SANTA MONICA, Calif. — As yet another atmospheric river descends on Southern California this week, Santa Monica is prepared. Since November, the city has been using a first-of-its-kind water recycling facility to capture rain and store it underground for future use.
“Instead of this water flowing into the ocean, we’re taking that back and keeping it locally to replenish water supplies,” Santa Monica water resources manager Sunny Wang told Spectrum News 1, as he stood atop the stealthy infrastructure that makes it possible: a parking lot.

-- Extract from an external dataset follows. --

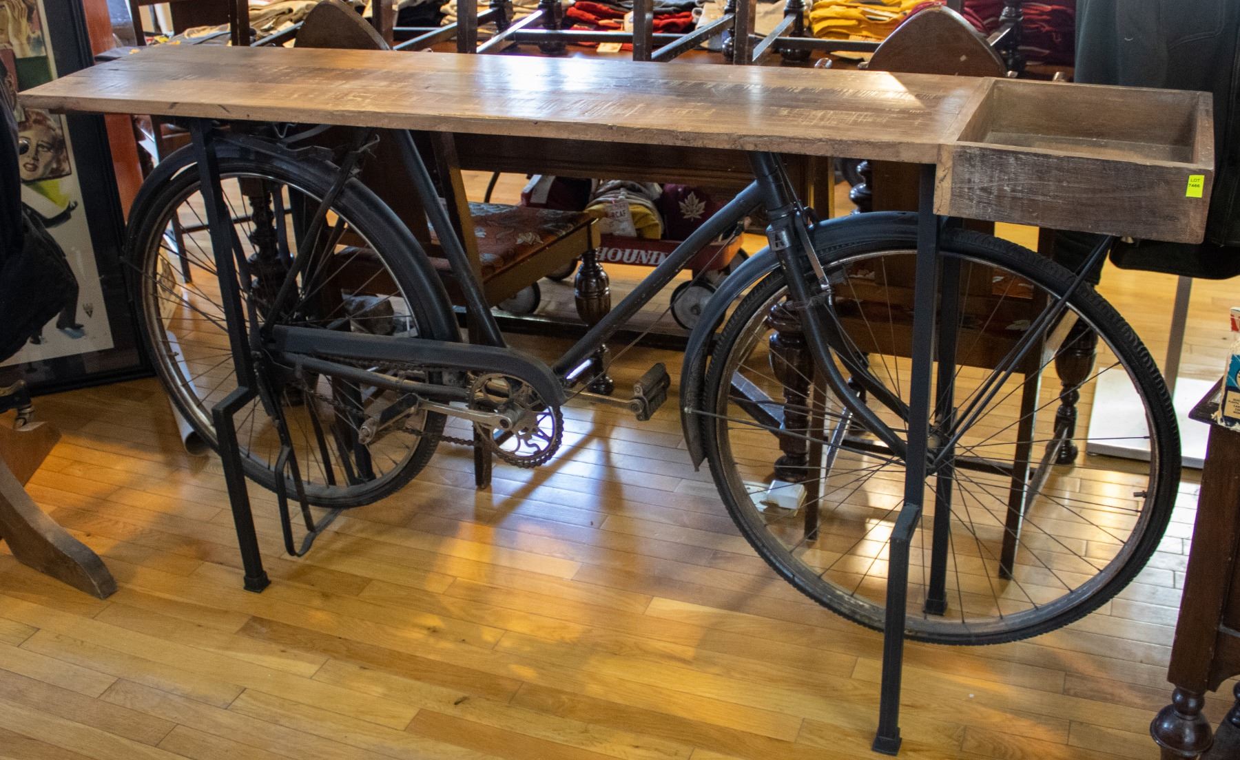 ARTIST BUILT BICYCLE WOODEN SIDE TABLE WITH STAND

Fifty feet below the sprawling concrete next to the Santa Monica Courthouse on Main Street, there is a 1.5-million-gallon stormwater harvesting tank. Right next to it: a one-million-gallon-per-day advanced water treatment facility where the city’s Sustainable Water Infrastructure Project, or SWIP, takes stormwater, urban runoff and municipal wastewater and purifies it for potable reuse.
Designed to reduce the oceanside city’s reliance on imported water, the recycled water can be used for irrigation, toilet flushing in buildings that have dual plumbing and to recharge groundwater aquifers.
“We joke that it’s a $96 million parking lot,” Wang said of the project, which was funded with $75 million from the California Clean Water State Revolving Fund, $8.77 million in bonds from a voter-approved Proposition 1 stormwater grant and $7.5 million from Measure W, which Los Angeles County voters approved in 2018.
The measure taxes property owners 2.5 cents per square foot of impermeable surface area and uses the funds to increase water supplies from local sources.
Before this winter, rain that fell on the city was whisked into the Santa Monica Bay through the Pico-Kenter storm drain near Shutters on the Beach Hotel, Wang said. Now, as part of a separate project completed five years ago, that stormwater is captured in a 1.6-million-gallon tank under the Santa Monica Pier parking lot and recycled through the SWIP. The system is the first in the state of California to treat stormwater and inject it directly into the groundwater basin to recharge local supplies.
“We look at this as a model for other utilities that are considering similar projects,” Wang said.
As the state weathered public outcry last month about billions of gallons of stormwater being washed away to the ocean when it could instead be used to alleviate the drought, California Environmental Protection Agency Secretary Yana Garcia visited the SWIP, which the state helped to fund as a model for future projects. Last week, the SWIP also received the National Water Reuse Association’s transformational innovation award.
Santa Monica’s sustainable water project has been in the works for more than a decade, following a 2011 City Council directive to look into the feasibility of providing all of the city’s water supplies locally. Local water is a catchall phrase for rainwater, stormwater, recycled water, urban runoff and salty, brackish groundwater that could be recycled and reused.
Santa Monica currently derives almost 60-70% of its water from local groundwater naturally recharged from rain that falls into the Santa Monica mountains. It supplements the rest with imported water from Northern California and the Colorado River.
The City Council directive led to Santa Monica’s first Sustainable Water Master Plan in 2014, and an updated version in 2018 that outlined all the projects the city is currently constructing to achieve 85 to 90% water self-sufficiency before the end of this year.
“People are fighting over who gets what out of the Colorado River right now, so every gallon we could save here frees up water for another community in Southern California that is solely dependent on the State Water Project,” Wang said. “By Santa Monica freeing up those resources, we’re helping the region as well.”
Santa Monica is roughly eight square miles and has a population of 93,000, but its daily population swells to eight or 10 times that size because of tourism. To meet those peak demands, Santa Monica has four large storage reservoirs for drinking water that total about 40 million gallons.
To eke out even more water from its existing supply, Santa Monica is upgrading its Arcadia water treatment plant. The facility currently uses reverse osmosis to purify the water, which produces eight gallons of clean water and two gallons of unusable brine concentrate for every ten gallons that it processes. Santa Monica will soon become the first municipality in the country to use a new technology called "flow reversal reverse osmosis" to recover an additional 10% of purified water.
“This city isn’t afraid to be an innovator,” Wang said, “to be trying a new technology and make sure it’s safe.”
Santa Monica is currently testing the new flow reversal technology and plans to implement it at full scale by the end of the year.
In addition to capturing stormwater, the SWIP also treats raw wastewater to exceed drinking water standards. The system is capable of providing as much as 1,600 acre-feet of purified water per year, or about 10% of the total water supply.